Material for this task.
● ● ● ●

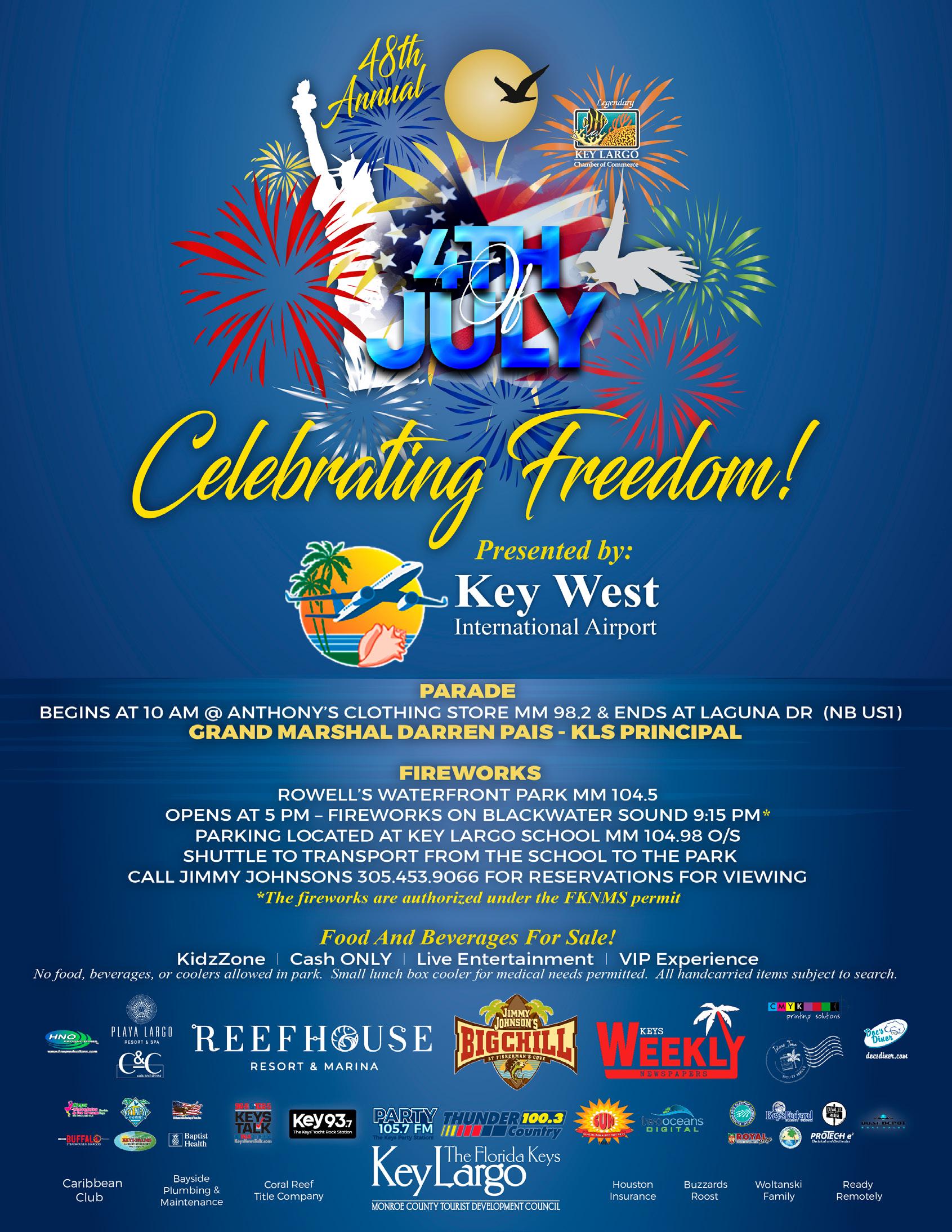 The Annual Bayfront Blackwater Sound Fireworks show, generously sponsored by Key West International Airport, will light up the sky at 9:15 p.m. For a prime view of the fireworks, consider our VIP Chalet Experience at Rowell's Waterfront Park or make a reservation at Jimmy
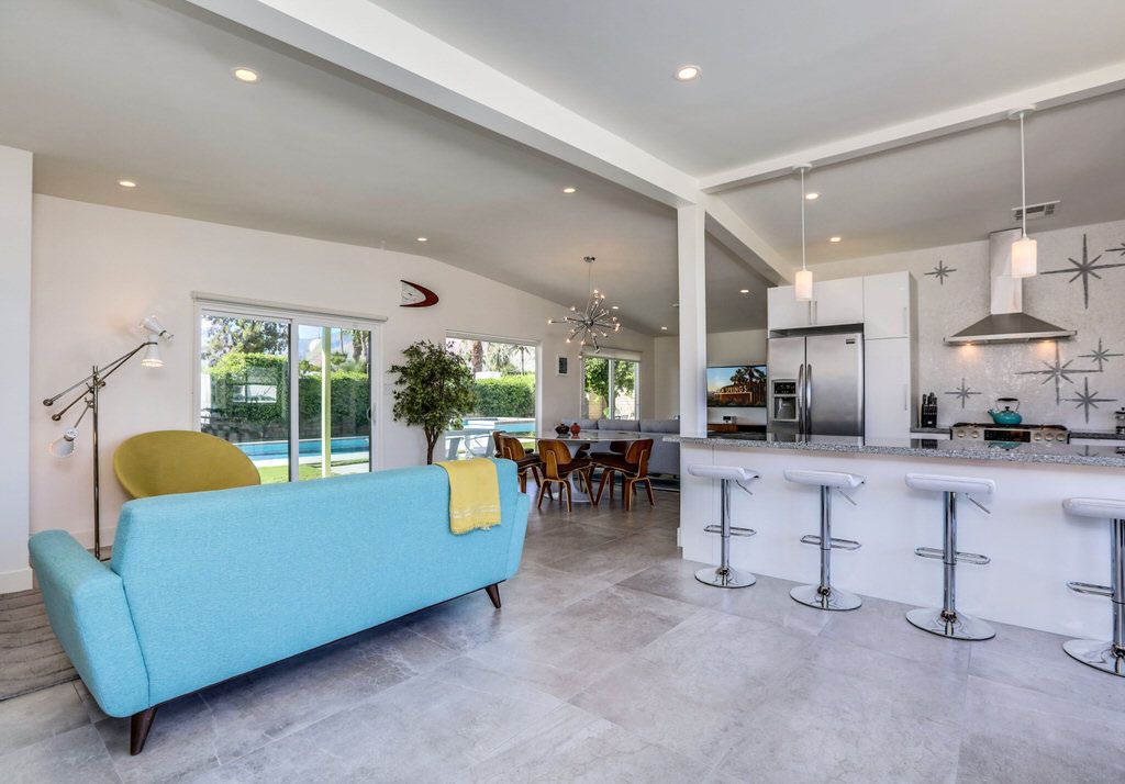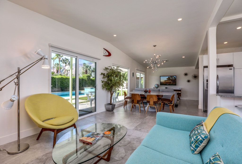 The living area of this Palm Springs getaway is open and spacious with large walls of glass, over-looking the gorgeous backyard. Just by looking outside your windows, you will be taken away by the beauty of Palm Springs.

● ● ● ●

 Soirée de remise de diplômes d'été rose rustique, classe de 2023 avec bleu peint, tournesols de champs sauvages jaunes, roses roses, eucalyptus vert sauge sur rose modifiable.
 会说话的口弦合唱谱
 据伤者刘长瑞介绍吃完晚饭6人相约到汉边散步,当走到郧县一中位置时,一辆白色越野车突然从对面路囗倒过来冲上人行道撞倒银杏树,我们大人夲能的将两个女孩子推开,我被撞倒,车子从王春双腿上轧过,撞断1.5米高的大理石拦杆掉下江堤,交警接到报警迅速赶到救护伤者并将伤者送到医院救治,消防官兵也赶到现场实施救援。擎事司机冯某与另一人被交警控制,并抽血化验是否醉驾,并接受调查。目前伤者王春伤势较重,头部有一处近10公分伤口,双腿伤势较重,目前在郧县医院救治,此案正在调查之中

● ● ● ●

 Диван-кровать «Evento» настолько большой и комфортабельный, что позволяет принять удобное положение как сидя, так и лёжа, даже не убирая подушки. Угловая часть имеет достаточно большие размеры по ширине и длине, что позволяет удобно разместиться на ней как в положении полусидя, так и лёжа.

● ● ● ●

About this task. In the listing above, find the line with "Soirée de remise" and the line with "据伤者刘长瑞介绍吃完晚饭6人"; set down exactly those two lines and every line between them, nothing more.

Output of the exercise.
 Soirée de remise de diplômes d'été rose rustique, classe de 2023 avec bleu peint, tournesols de champs sauvages jaunes, roses roses, eucalyptus vert sauge sur rose modifiable.
 会说话的口弦合唱谱
 据伤者刘长瑞介绍吃完晚饭6人相约到汉边散步,当走到郧县一中位置时,一辆白色越野车突然从对面路囗倒过来冲上人行道撞倒银杏树,我们大人夲能的将两个女孩子推开,我被撞倒,车子从王春双腿上轧过,撞断1.5米高的大理石拦杆掉下江堤,交警接到报警迅速赶到救护伤者并将伤者送到医院救治,消防官兵也赶到现场实施救援。擎事司机冯某与另一人被交警控制,并抽血化验是否醉驾,并接受调查。目前伤者王春伤势较重,头部有一处近10公分伤口,双腿伤势较重,目前在郧县医院救治,此案正在调查之中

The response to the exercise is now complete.